TURTELTAUB: When I read stories about people making movies, I don’t want to hear how wonderful it was. F--- you and your wonderful job. Only in this case, I had been surrounded by brilliant, talented, funny people, and I was relieved.

“While You Were Sleeping” opened at No. 1 at the U.S. box office, taking the top spot from “Bad Boys,” and ultimately made more than $182 million worldwide.

SARKISSIAN: At the time, I don’t think Disney knew what they had. The movie was just thrown out there.

BULLOCK: Did anyone expect us to make money? I don’t know. I was so new to the business. I was just happy to be there.

TURTELTAUB: We opened right before “French Kiss” with Meg Ryan and “Forget Paris” with Billy Crystal, and we did great. I thought, wow, I’m not as big of a fraud as I thought.

Some of the cast kept elements of their wardrobes and wore them in real life.

PULLMAN: My wife always says, “Is that the jacket from ‘While You Were Sleeping’?” I still have it. It’s reversible. Denim on one side and khaki on the other. I wear it mostly with khaki. It’s a little bulky, so you can put a lot of layers on with it, and I just love that it’s holding up.

GALLAGHER: I didn’t keep my scarf, but I had that coat for a while. It just got too long to wear.

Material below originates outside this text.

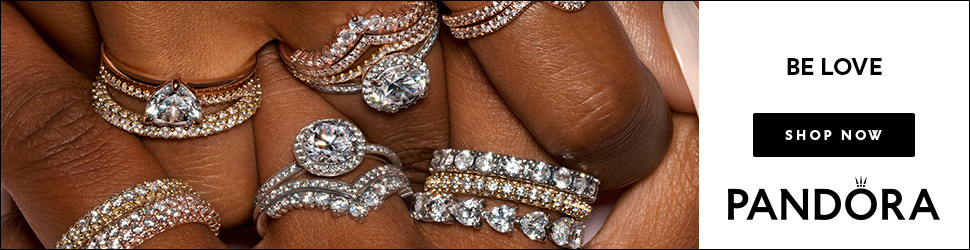 Timeless Pave Triple-row Ring, £115, Row of Hearts Eternity Ring, £80, Sparkling Overlapping Band Ring, £80, Crossover Pave Triple Band Ring £90, Sparkling Round & Square Drop Earrings, £70, all by Pandora; Rose-Applique Round Neck Cady Mini Dress in Pink, £1330.60 and Heart-Embellished Opera-Length Gloves in Pink, £383.70, both by NDS.
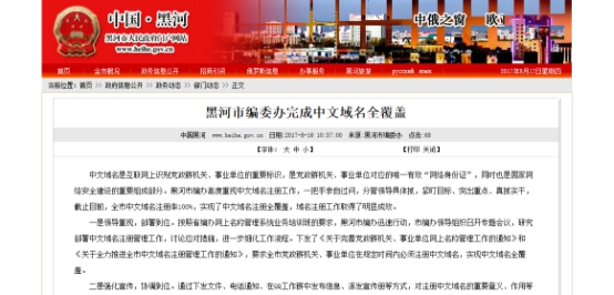 8月16日,黑河市人民政府门户网站发布了同一条消息:黑河市编委办完成中文域名全覆盖。中文域名到底是有什么样的魅力,让众多政府机构都在进行注册保护?

BULLOCK: All I kept was the back of the director’s chair where they put your name. I didn’t realize I could keep anything else! My wardrobe in the film was basically my wardrobe in real life, so it wasn’t like I needed to double up.

One debate still follows the film: Is it a Christmas movie?

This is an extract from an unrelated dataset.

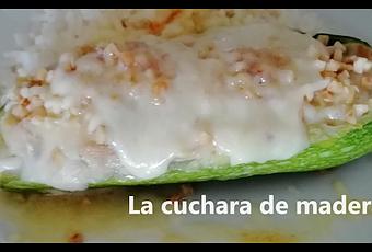 Cocinamos la bechamel según nos diga el fabricante y lo agregamos a la mezcla de atún, cebolla y aceitunas. Rellanamos con esto los calabacinos, encima ponemos el queso rallado y las almendras troceadas y gratinamos unos 8 minutos
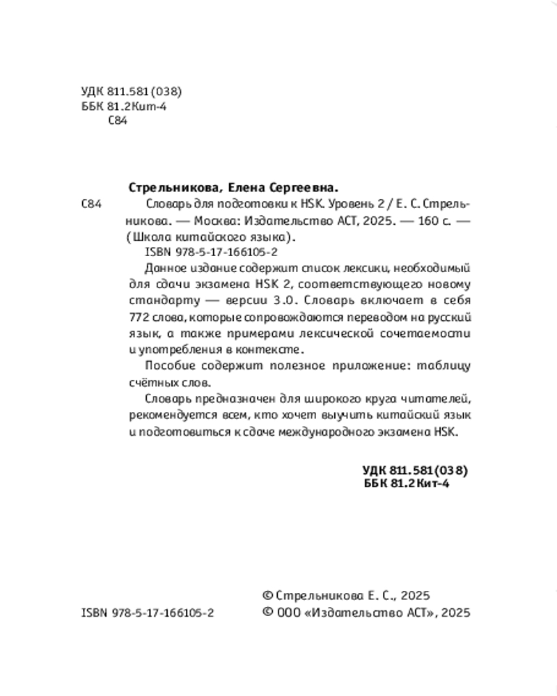 💳 Оплатить за товар можно при получении 🇰🇿 Есть бесплатная доставка по Казахстану от 1 дня 🎁 Копите бонусы с каждой покупки Серия: Школа китайского языка Данное издание содержит список лексики, необходимый для сдачи экзамена HSK 2, соответствующего новому стандарту — версии 3.0. Словарь включает в себя 772 слова, которые сопровождаются переводом на русский язык, а также примерами лексической сочетаемости и употребления в контексте. Пособие содержит полезное приложение: таблицу счётных слов. Словарь предназначен для широкого круга читателей, рекомендуется всем, кто хочет выучить китайский язык и подготовиться к сдаче международного экзамена HSK. |

TURTELTAUB: It does bug me a little that it’s not considered a Christmas movie. One of the advantages of being a Christmas movie is that it airs every year at Christmas. Instead, you’re more likely to see “Jingle All the Way” and “The Santa Clause 3” than “While You Were Sleeping.”

PULLMAN: I never thought of it as a Christmas movie. But without being cloyingly about Christmas, it’s just enough to make sense, I guess.

GALLAGHER: I’ve always assumed it was a Christmas movie, but that could have just been the scarf.

Twenty-five years later, the film still resonates with fans.

TURTELTAUB: The best compliment I ever got was a woman told me, “I went to that movie with my boyfriend, and by the end of the night he was my fiance.” That’s when you know you’ve done something right, when you can get inside a person’s soul a little bit.

PULLMAN: Usually people say, “My mom was in love with you.” My son Lewis is an actor now, and he’s really good with the YouTube stuff. By accident, I saw that he had saved two scenes from “While You Were Sleeping.” That was the most touching thing.

BULLOCK: I think it’s time to make my kids watch it. In this next week, I’m going to watch it with them. I avoid looking at myself, like all actors, but when I see it through my kids’ eyes, then I can enjoy it.

GALLAGHER: I like to judge by the delight in the eyes of the people who have felt the need to tell me it’s their favorite movie. If you can contribute to a movie that’s made people happy for all these years, that’s pretty much what you hope to accomplish, especially in times like these.